Я сел рядом, и мы как-то поневоле разговорились. Лезгинский оказался петербуржцем, гвардейцем, из хорошей, чуть ли не профессорской семьи, в которой считался, по его словам, enfant-terrible. В военную службу он попал после окончания правоведения, -- по призванию.
-- Хотя, признаться, мое призвание, это -- поэзия, -- сказал он и улыбнулся. Помолчал, посмотрел на меня и добавил: -- Не пугайтесь, доктор, не пугайтесь, я не собираюсь вам читать стихов, хотя я их и очень люблю, но я видел и вижу поэзию еще и в красоте природы, и в прелести женщины, и в хорошей опере, и в мощи двигающегося кавалерийского полка... Она везде... даже и в смерти, даже и в смерти.
Первую половину фразы он произнес неприятным, деланным тоном светского человека. Несимпатичной показалась мне его манера повторять по два раза одно и то же. Но слова "даже и в смерти" вырвались у него как-то совсем иначе, -- искренне и очень серьезно.
-- Но все-таки вы ее боитесь? -- спросил я.
-- Боюсь. Боюсь, что она придет за мной именно тогда, когда мне будет, хотеться больше всего жить. Ну, а сейчас нет.

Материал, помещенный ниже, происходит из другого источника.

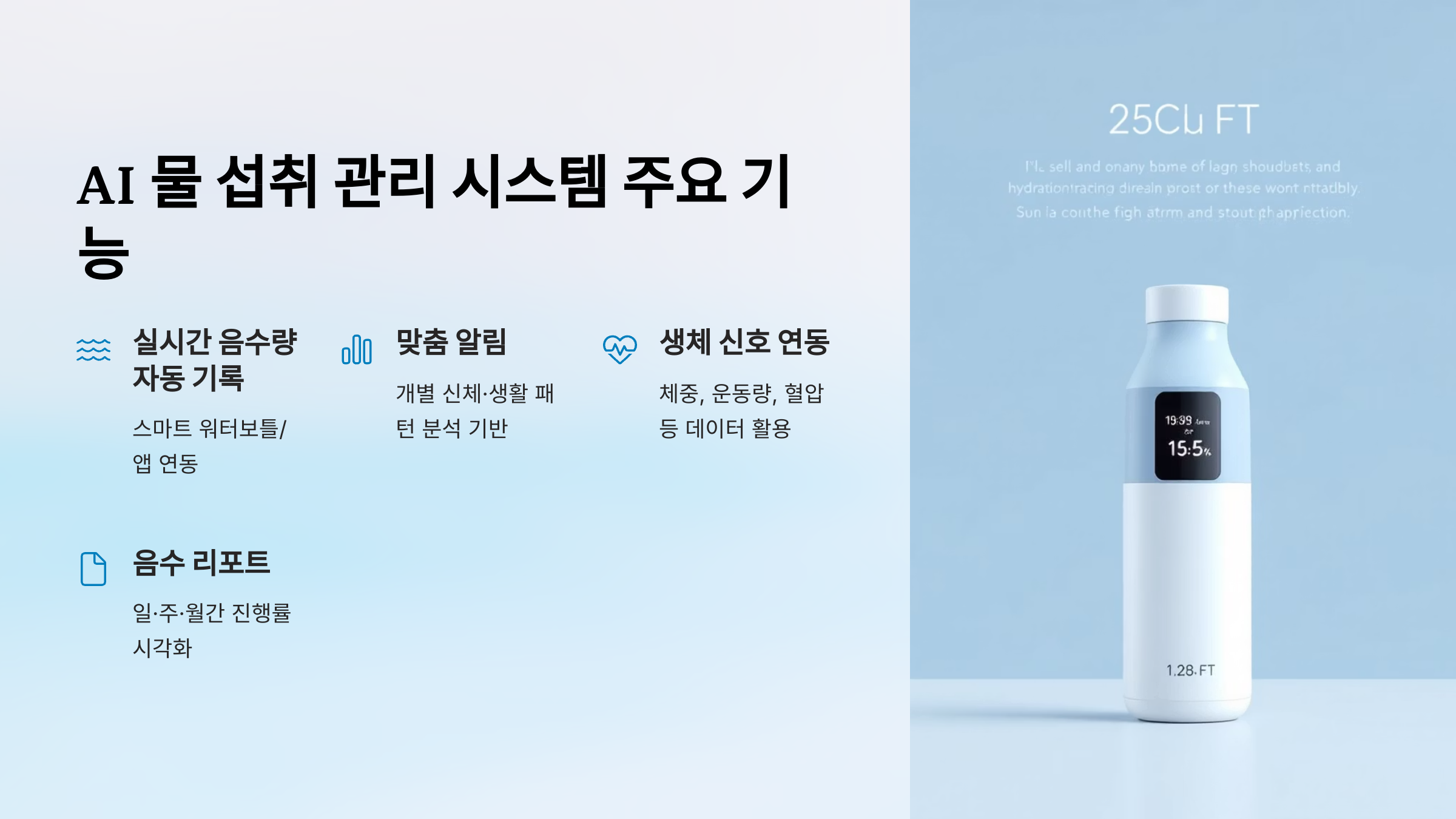 하루를 건강하게 보내고 싶다면, AI 물 섭취 관리 시스템은 정말 필수템이라고 생각해요. 🚰💪
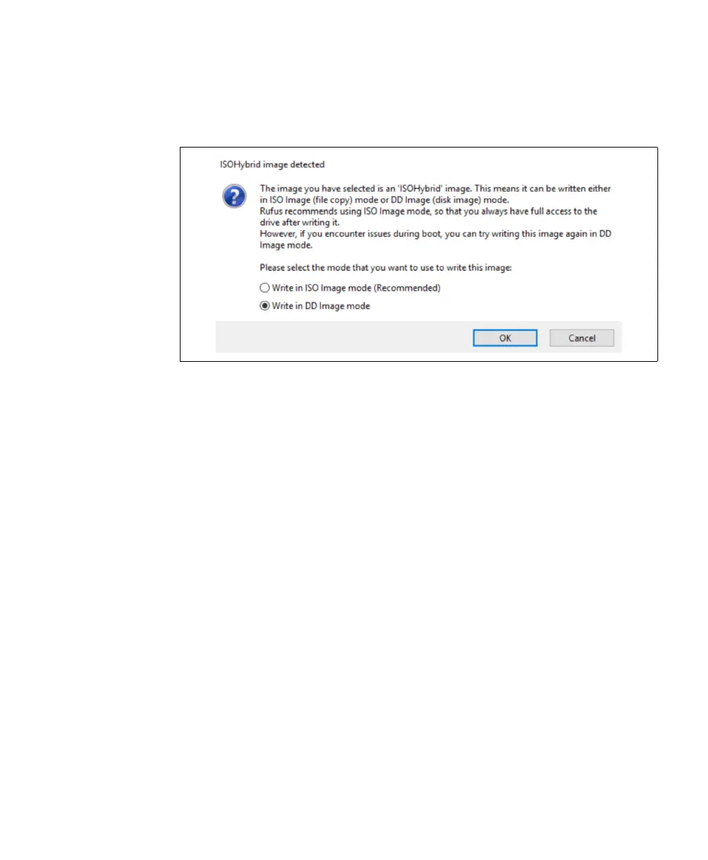 9. Another pop-up will appear asking you in which mode to write your ISO image.
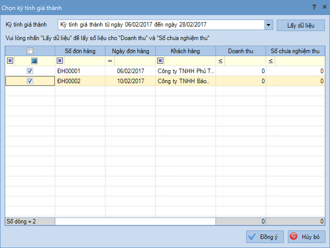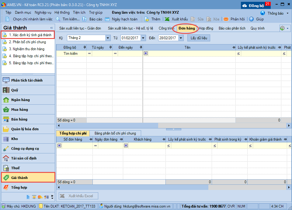 Bước 2: Khai báo đơn đặt hàng được sử dụng để tập hợp chi phí khi tính giá thành
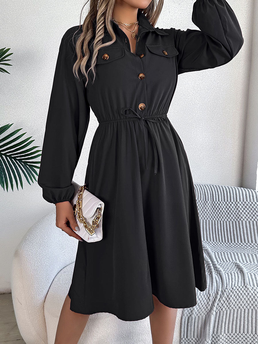 A-line Long Sleeves Buttoned Pleated Solid Color Tied Lapel Midi Dresses Shirt Dress
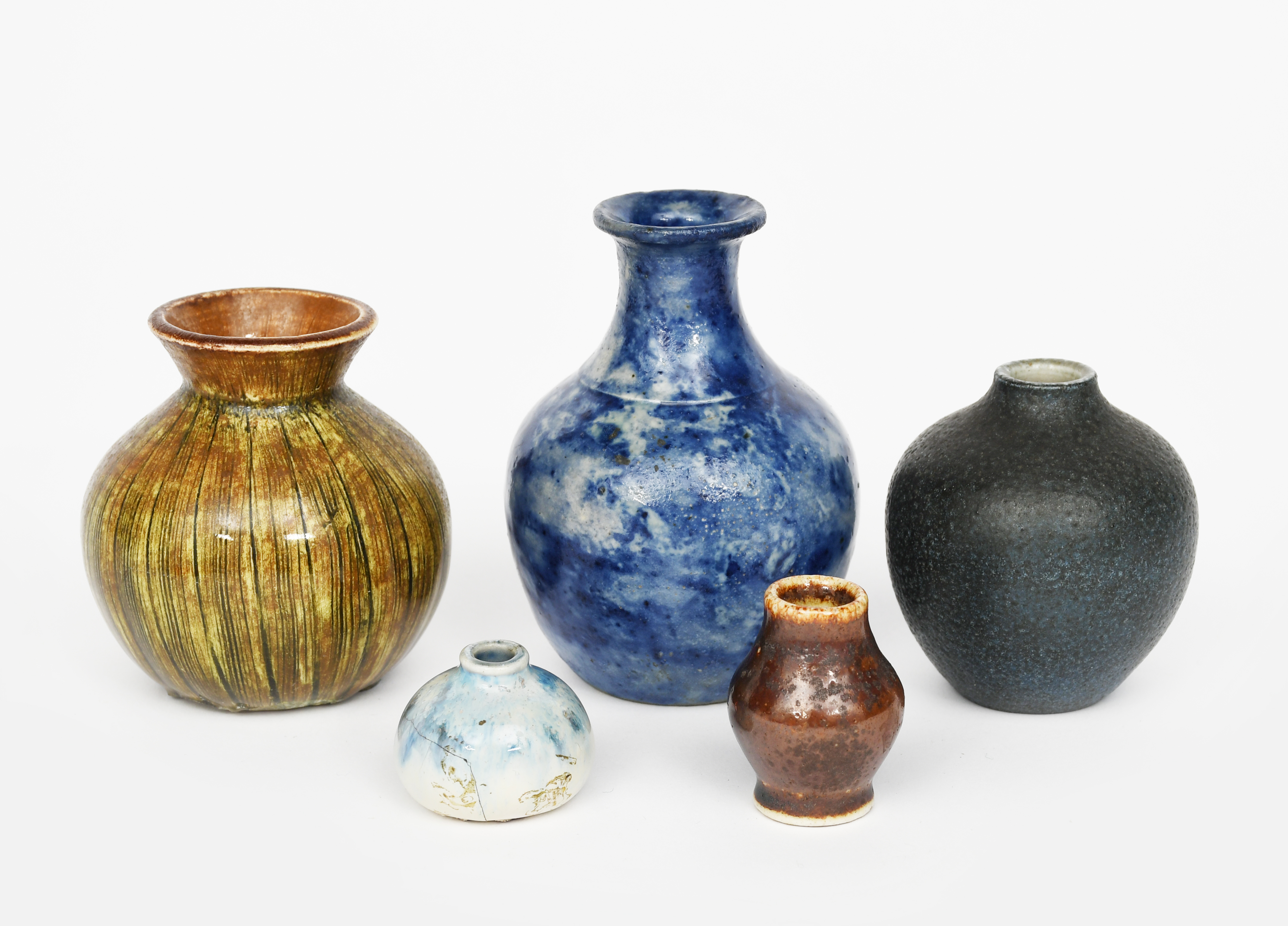 A Martin Brothers stoneware gourd vase by Edwin and Walter Martin, ovoid with everted rim, finely incised with vertical veins, glazed green, brown and yellow, two miniature Martin Brothers vases and two small Martin Brothers vases, incised Martin Bros London & Southall, indistinct date possibly 1-98 to main vase, 7.5cm. high (5)
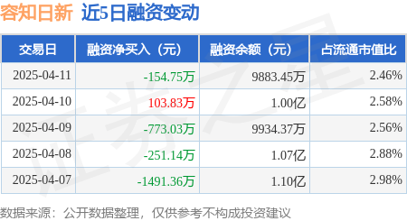证券之星消息,4月11日,容知日新(688768)融资买入226.63万元,融资偿还381.38万元,融资净卖出154.75万元,融资余额9883.45万元,近20个交易日中有12个交易日出现融资净买入。
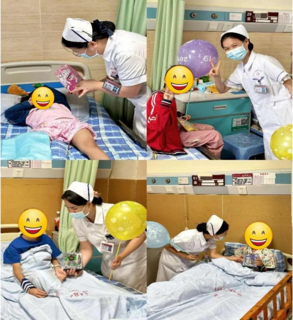 活动当天,护士们面带笑容,捧着礼物走进病房。孩子们看到礼物时,脸上瞬间绽放出惊喜又灿烂的笑容。有的迫不及待拆开包装,兴奋地与小伙伴分享喜悦;有的紧紧抱住礼物,拉着护士合影留念。一位小腿骨折的小朋友开心地说:“谢谢护士姐姐!这个变形金刚我太喜欢了!虽然我的腿不能动,但我可以像他一样勇敢击败病魔!” 家长们也深受感动:“没想到在医院也能给孩子过这么有意义的儿童节,看到孩子这么开心,我们心里也暖暖的,太感谢你们了!”
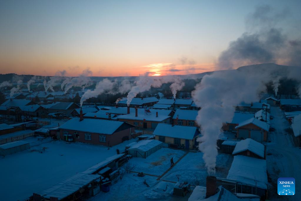 This aerial photo taken on Jan. 8, 2023 shows an early morning view of Beiji Village in Mohe, northeast China's Heilongjiang Province. (Xinhua/Zhang Tao)
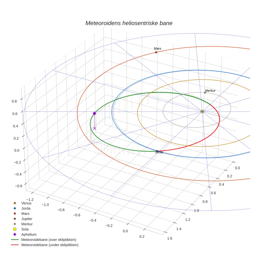 Plottet under viser meteoridens bane i solsystemet. Grønn del av banen ligger over ekliptikken og rød del under.
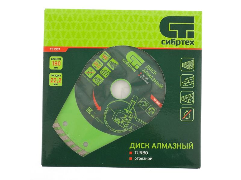 Алмазный отрезной диск Сибртех Turbo 731337 для сухой резки, диаметром 180 х 22,2 мм, устанавливается на углошлифовальную машину. Позволяет резать твердые материалы: бетон, железобетон, камень, песчаник. Диск предназначен для бытового использования.
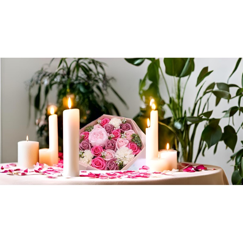 - Incluye una exquisita selección de flores artificiales, como peonías , rosas y claveles, cuidadosamente dispuestas para crear un hermoso regalo.
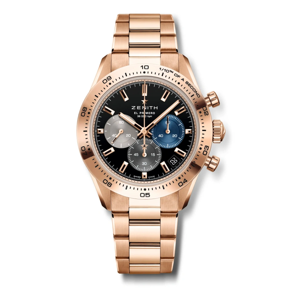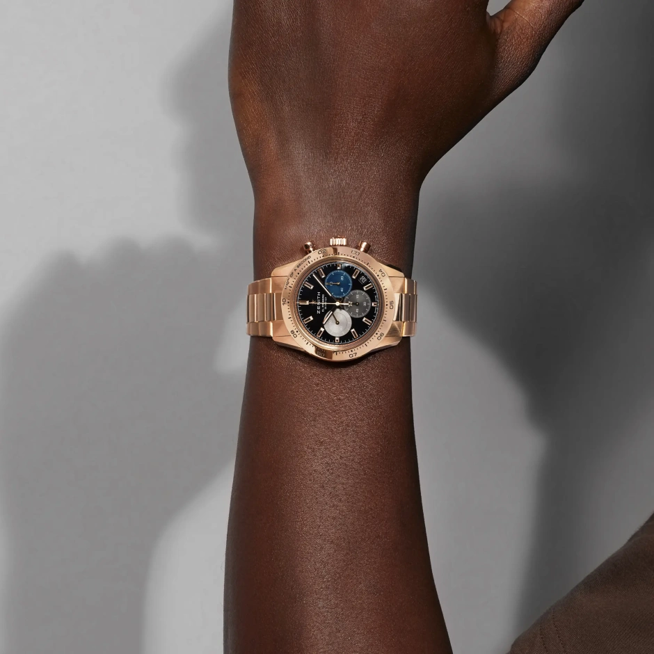 ローズゴールド製のクロノマスター スポーツ。ブラックの3色文字盤、ポンプ型のプッシュボタン、ゴールドブレスレットなど、歴代のゼニス・クロノグラフの要素を現代的な41mmスチール製ケースに組み込んでいます。「エル・プリメロ 3600」1/10秒精度の自動巻クロノグラフムーブメントが搭載されています。
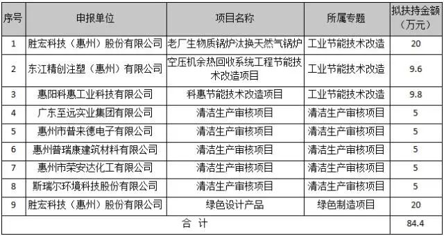 据公示附件“2021年惠阳区节能专项资金项目拟安排表”内容,获得嘉奖的项目共有三个专题类别,分别为:工业节能技术改造、清洁生产审核项目和绿色制造项目,分别有3项目、5项目和1项目。其中九游ninegame科技(惠州)股份有限公司的老厂生物质锅炉汰换天然气锅炉,东江精创注塑(惠州)有限公司的空压机余热回收系统工程节能技术改造项目等3项目为工业节能技术改造;九游ninegame科技(惠州)股份有限公司的绿色设计产品为绿色制造项目;惠州普瑞康建筑材料有限公司、广东至远实业集团有限公司等5企业的清洁生产审核项目为清洁生产审核项目。
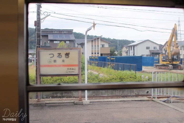 남편이 앉아있는 좌석 뒷편으로 츠루기역 글자가 보입니다. 아쉬대로 멀리서나마 찍어보아요. 멋진 남편께서 찍혀주셨습니다.
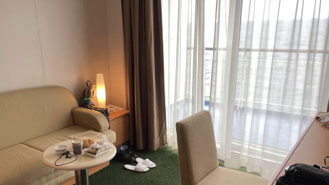 まずは朝食。このホテルはバイキング形式の朝食が付いている。和洋折衷だが一通りの食材は用意されていた。まだ歩くのがしんどいので、私の分はパンを主食として選んでもらった。フリードリンクもあり、まずはモーニングコーヒーを頂くことに。ほぼアメリカンのような薄いコーヒーだが胃に優しそうでグッド!(実は逆流性食道炎で医者からコーヒーを控えるよう指示されている)

Мало того, я даже уверен, что из самого жаркого дела выйду невредимым. Хотя... Хотя вот меня провожали до Самары сестра и мать и обе плакали при всяком удобном и неудобном случае.
-- А у женщин и у собак на этот чет есть особое чутье, -- голос корнета опять зазвучал деланно и несимпатично. -- Знаете, я причисляю к видам поэзии и псовую охоту; у меня лично есть недурная свора густопсовых, а в этой своре был красавец кобель Заливай; в минувшем октябре мой Заливай начал ни с того, ни с сего каждую ночь выть, да как, -- просто отпевает. Поехали мы с товарищем на охоту. Нарвались на матерого волка. Придавили его собачки. Свалка страшная. Пока я подоспел, смотрю, Заливай валяется с перекушенным горлом, а ведь самый сильный пес был. До сих пор ума не приложу, как это могло случиться. Предчувствие, оно сильнее разума и точнее всякой математики...
Корнет оказался вообще разговорчивым малым.
Вслушиваясь в его слова и вглядываясь в его действительно красивые черты лица и особенно глаза, я понял, что передо мною изуродованный воспитанием небездарный человек, почти мальчик, одинаково способный и на крайнее великодушие, и на крайнюю гадость, то бесконечно нежный, то холодный, жестокий до садизма, один из тех молодых людей, которые до тридцати лет мнят себя Лермонтовыми и пользуются огромным успехом у женщин, таким, какого никогда не бывало у самого Лермонтова...
Но, в конце концов, мне с ним все-таки стало скучно, я поднялся и сказал, что снова пойду в ресторан.
-- И я с вами; что-то чаю захотелось, -- отозвался корнет.
Делать было нечего. Мы надели пальто и, спотыкаясь при переходе из вагона в вагон, начали путешествие через весь поезд.
Есть не хотелось и чаю не хотелось, а потому мы спросили бутылку вина. После двух-трех бокалов Лезгинский стал еще разговорчивее. Потом вдруг умолк, поглядел на меня, едва улыбнулся и сказал:
-- Вот вы, доктор, сейчас думаете: и какой же болтливый человек этот корнет. И ошибаетесь.
Должно быть, на моем лице выразилось искреннее удивление, потому что Лезгинский еще настойчивее повторил:
-- Да, да... и ошибаетесь. Во-первых, такая болтливость у меня всегда является, как реакция после долгого молчания, а я с тех пор, как перевелся из гвардии, и, кажется, до сегодняшнего дня не видал ни одного интеллигентного человека в том смысле слова, как я его понимаю. Во-вторых, как вы это, вероятно, сами увидите дальше, я серьезно разговариваю только с мужчинами, с женщинами же я только перекидываюсь самыми незначительными фразами. Воистину, до конца раскрыть свою душу, даже перед самой умной из них, -- это значит в один момент перестать быть интересным в ее глазах... Все, что им нужно, они узнают и понимают без слов, это -- факт.